As we watched, the steam drifted together, coalesced into a single plume, and rose into the clear, still sky, past the hovering Scorpions. Beautiful. Perfect.
Howard said, “Uh-oh.”
THIRTEEN
TWENTY MINUTES LATER, wind whipped our helmet antennae and swirled a snow fog so strong that, even with enhanced optics, visibility was down to forty feet.
Howard shouted, his voice booming in my earpiece, “It was the atmospheric disturbance created by the Scorpions’ hypersonic passage. Now the storm’s building on itself.”
I winced. “Howard, we have radios. You don’t have to scream.”
Howard slapped at a rope that writhed in the growing gale as it dangled again from the Scorpions. “Jason, we can’t abort this now.”
Howard’s Spooks, working through the gathering blizzard, had cut through the Ganglion’s armored housing, and we had our first look at Slug royalty after three decades of war.
It was a blob as big as a two-seat urban electric and as green as snot. No evil eyes, flailing tendrils, or slobbery fangs. Just a blob with a half-dozen thigh-thick armored cables plugged in around its midsection. The cables, torched black by the Spooks’ cutting charges, now led nowhere.

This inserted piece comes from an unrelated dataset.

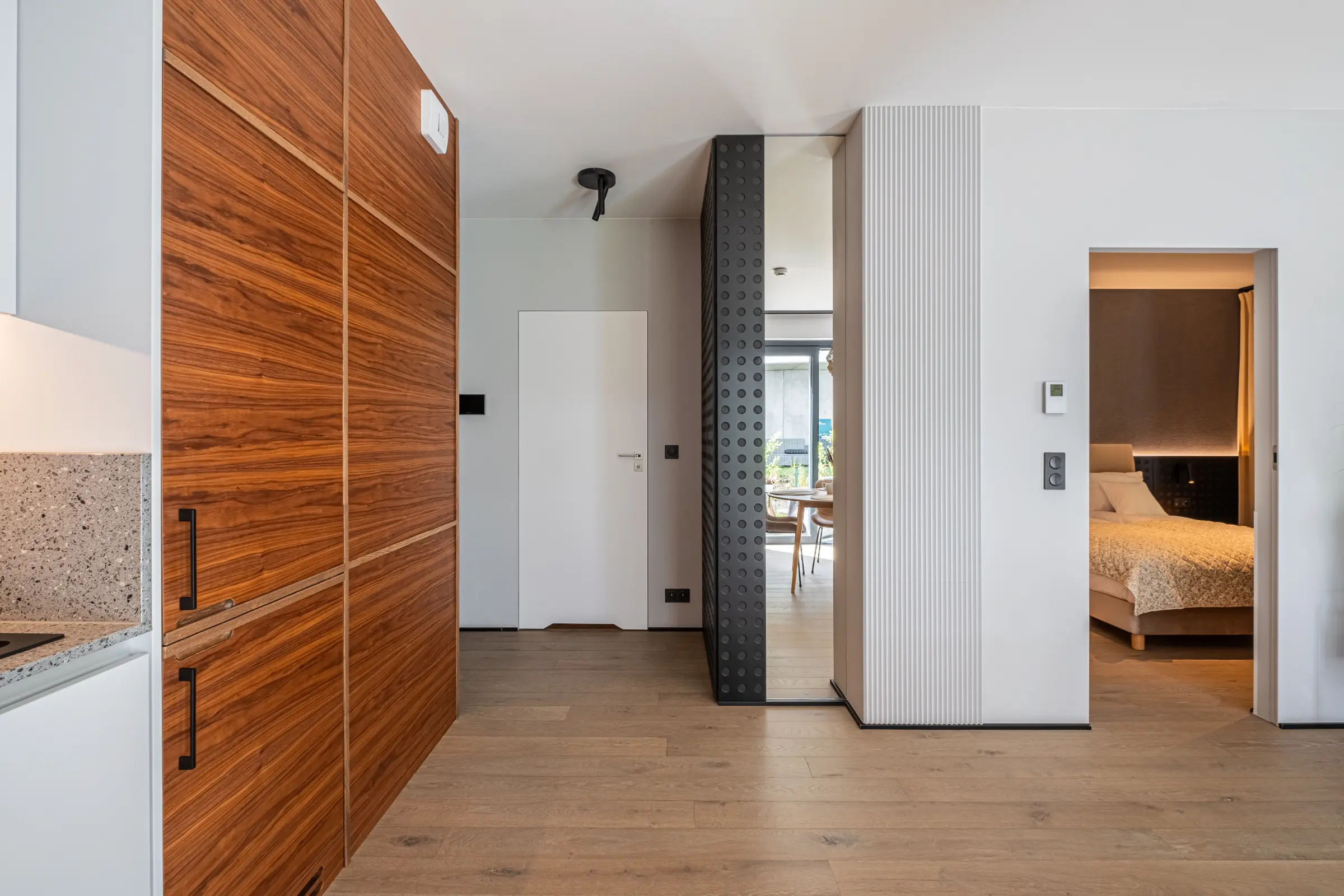 Przedpokój został wyposażony w dużą pojemną szafę, wraz z drewnianymi wieszakami na ubrania i półkami na buty, podłoga wykonana jest z drewna
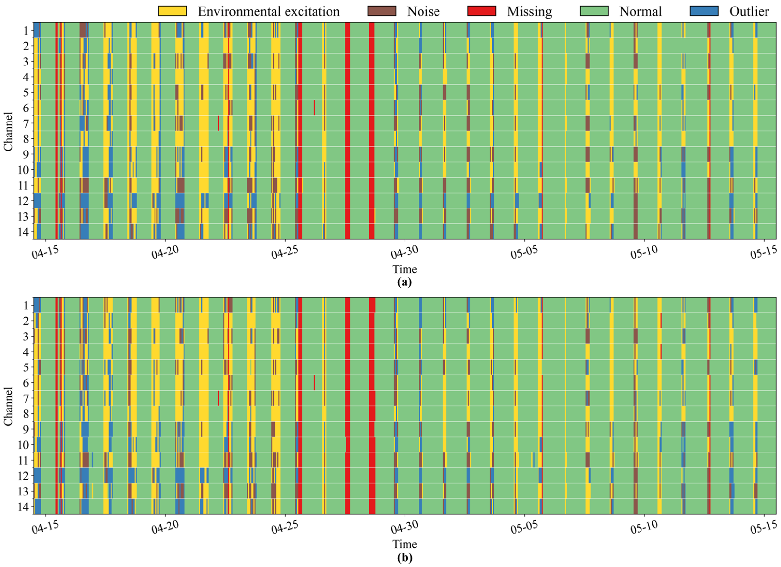 - The month-long diagnosis results show that the proposed framework can capture the overall category distribution and reveal representative spatiotemporal patterns of abnormal data, which is useful for large-scale data screening in practical monitoring tasks.

The exposed Ganglion, free of its armored housing, hovered above the snow on a disk, presumably held up by Cavorite.
I leaned into the wind, toward Howard. “It’s mute and blind now?”
“I think so. But it could have-”
Zzeee.
Someone screamed.
I said, “Heavys!” The Slugs waged war more like Neanderthals than like a millennial master race. If something they didn’t like got in their way, they threw an object at it. Slug Warriors’ magnetic-rail rifles were just scaled-down versions of the Slug artillery piece, which tossed a projectile the size and weight of a wall safe.
Red fog spat at us, mixed among the snowflakes. The fog trailed back thirty feet from Howard and me, to the neck ring of a Spook kid’s armor. A single heavy round, lobbed in here for ranging purposes, had decapitated him.
I said to Howard, “It called fire on its own position! We gotta get out of here.”
A surrounded human soldier might call artillery fire down on his own position, to take the bad guys with him, and save his buddies or his mission. Slugs behaved the same, but the altruism was missing. In this case, it was simple logic for the Slugs. The Ganglion wanted its troops to kill it, lest we be allowed to capture it. Also, of course, it wanted to kill us.